Little is known of who these people were but legend has it that Ireland was settled by descendents of Noah following the Biblical deluge. The supernatural Tuatha De Danaan were defeated by the Milesians, ancestors of the Gaels who came from Spain and their descendants became the various tribal clans who ruled the region until the Norman conquest of the 12th century. Among the chief Gaelic clans were O'Malley, O'Dowd, O'Lachtnan, Mac Fhirbhisigh, O'Cleary and many more.

The arrival of St. Patrick brought the pagan druidic religion to an end and Christian communities sprang up in places such Aughagower, Ballintubber, Errew, Cong, Killala and remote islands.

The Normans commanded by Richard De Clare better known as Strongbow came to Ireland following the invitation of the deposed King of Leinster, Dermot McMurrough. Strongbow married his daughter Aoife and claimed his royal title following his death however Henry II, King of England made himself Lord of Ireland and brought the Norman lords and Gaelic chiefs under his control.

Mayo remained remote from the Lordship of Ireland until Connaught was invaded by the forces of Richard De Burgh in the 1230s. Thus Anglo-Norman families such as Burke, Gibbons, Staunton , Prendergast, Morris, Joyce, Walsh, Barrett, Lynott, Costello, Padden and Price were introduced and for a time Norman rule was secure.
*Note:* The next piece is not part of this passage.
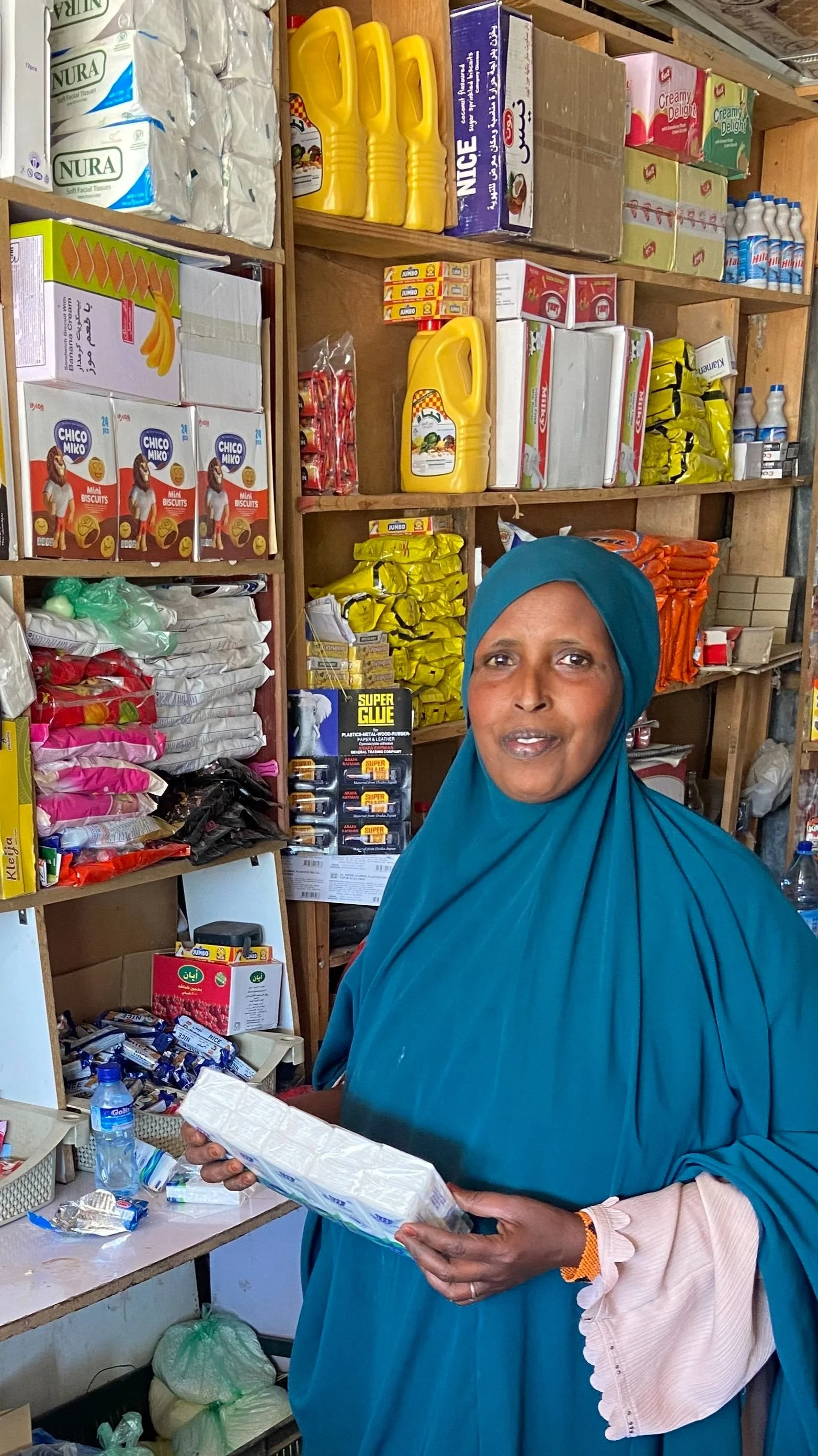 Before opening her grocery shop, Deeqa Carab Cabdilaahi’s life was physically demanding. As a vegetable seller, she spent long hours walking from shop to shop, delivering produce. Determined to build a more stable livelihood, she sought financial support. With her background in a Village Savings and Loan Association (VSLA), Deeqa had already received business, numeracy, and finance training. This knowledge gave her the confidence to apply for a loan from the District Banking Committee (DBC) in Arabsiyo. Understanding the loan process, she secured the $500 funding she needed to expand her business

In the 14th century, famine, pestilence and war caused the Lordship of Ireland to collapse and many of the Norman familes merged with the Gaelic tribes adopting their language, customs and dress.
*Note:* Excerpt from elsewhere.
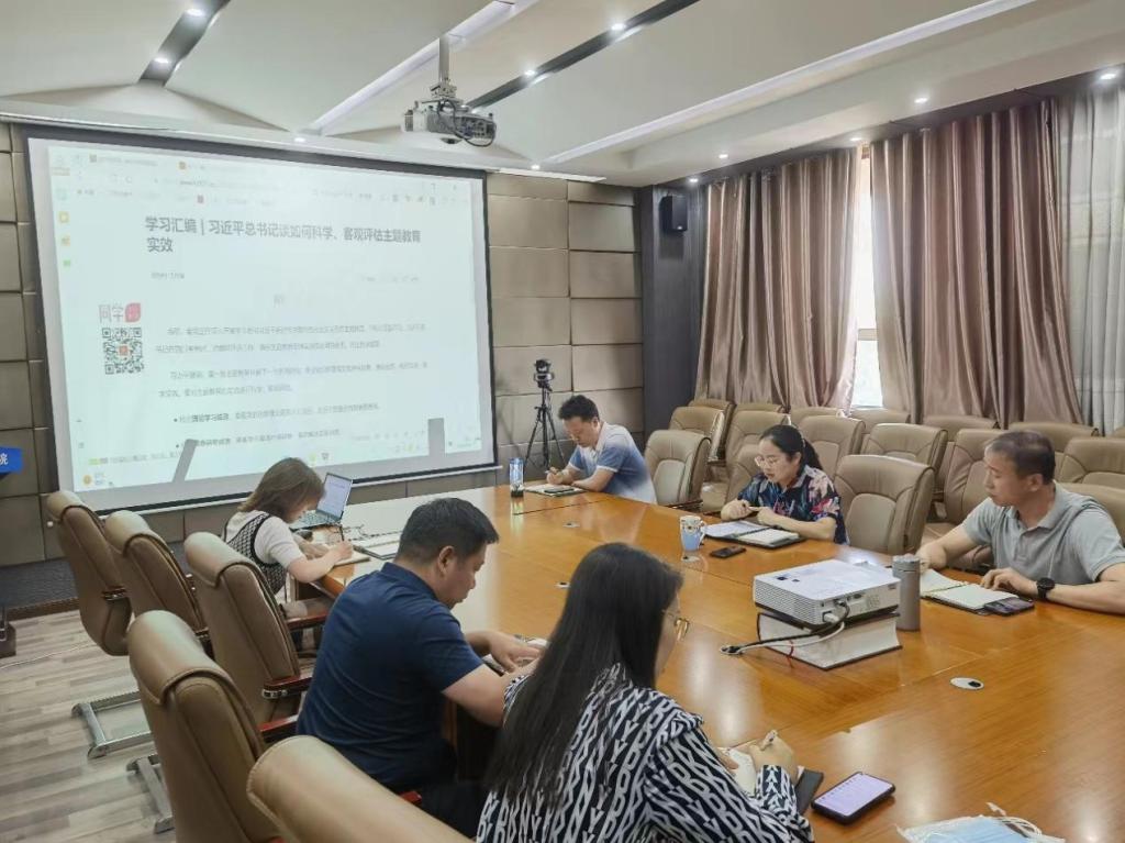 会议伊始,在谢玉芬的带领下,大家深入学习了习近平总书记在四川考察时,对如何科学、客观评估主题教育实效提出的具体要求。习近平总书记强调,要对主题教育的实效进行科学、客观评估,并清晰明确了主题教育成果的检验标准:一是要检验理论学习成效;二是要检验调查研究成效;三是要检验推动发展成效;四是要检验检视整改成效;五是要检验干部队伍教育整顿成效。随后,谢玉芬指出,习近平总书记的重要讲话精神为进一步推动学习贯彻习近平新时代中国特色社会主义思想主题教育走深走实明确了工作重点和努力方向,全体党委中心组成员应切实将主题教育整改措施落到实处,确保检视评估取得实效。最后,党委中心组成员分别对讲话精神进行了自我剖析和研讨发言。大家纷纷表示,要学深悟透、结合实际,真正把学习成效转化为奋发进取的强大动力和推动工作的实绩实效。

Two factions of the De Burghs or Burkes in Connaght, the Clanwilliams and Clanricardes went to war with each other. Other Old English families also fought the Gaelic Irish or formed alliances with them against combinations of rival Old English and Gaelic Irish clans. During the medieval period European monastic orders such as the Augustinians, Carmelites, Dominicans and Franciscans established themselves at places such as Cong, Strade, Ballintubber, Errew, Burrishoole Abbey and Mayo Abbey.

From the 16th to the early 18th centuries a series of pivotal events such as the English Reformation, the reign of the Tudors and Stuart monarchs, the Cromwellian invasion, the Battle of the Boyne and the Penal Laws brought an end to both ancient Gaelic Irish civilisation and the power of the Old English dynasties. An Anglo-Irish Protestant landowning elite ruled the country with the majority of Irish Catholics reduced to the status of tenants and landless peasants surviving in wretched poverty. The best agricultural land in Ireland was in the south and east while County Mayo in particular was underdeveloped and economically backward.
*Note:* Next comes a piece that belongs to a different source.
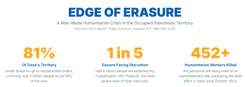 A new report from the American Friends Service Committee (AFSC), The Edge of Erasure, is the latest documentation of the horrors of Gaza.

During the 1798 United Irishmen rebellion led by Anglo-Irish Protestants inspired by the American and French Revolutions, the Gaelic Irish Catholics rebelled against British rule. A force of French troops led by General Humbert landed at Killala, defeated an English force at Castlebar and the short lived ' Republic of Connaught ' was declared. The French force was defeated in half an hour by a superior English force at Ballinamuck, County Longford . While the defeated French were sent home, the Catholic Irish prisoners were executed.

In the 19th century a series of crop failures and famines culminated in the Great Irish Potato Famine of the 1840s. County Mayo suffered greatly with whole villages and communities vanishing due to starvation, disease and mass emigration to America . Memories of the catastrophe fueled the activities of the Fenians, the Land League and Irish Parliamentary Party who pushed for land reform and Irish Home Rule in the latter half of the 19th century. A famous incident was the ostracisation of the landlord Captain Boycott by his County Mayo tenants. At the turn of the 20th century most of the Anglo-Irish Protestant estates had been broken up and most Irish farmers owned their land.

When Knox wrote his book in 1908, Ireland was on the cusp of revolutionary changes that brought about transformation of the democratic drive for Home Rule into a violent uprising against British rule between 1916 and 1922. A Civil War followed from 1922 to 1923 between rival republican forces. In the new Irish Free State and Irish Republic , County Mayo remained economically deprived compared to the rest of the country and experienced decades of continued mass emigration.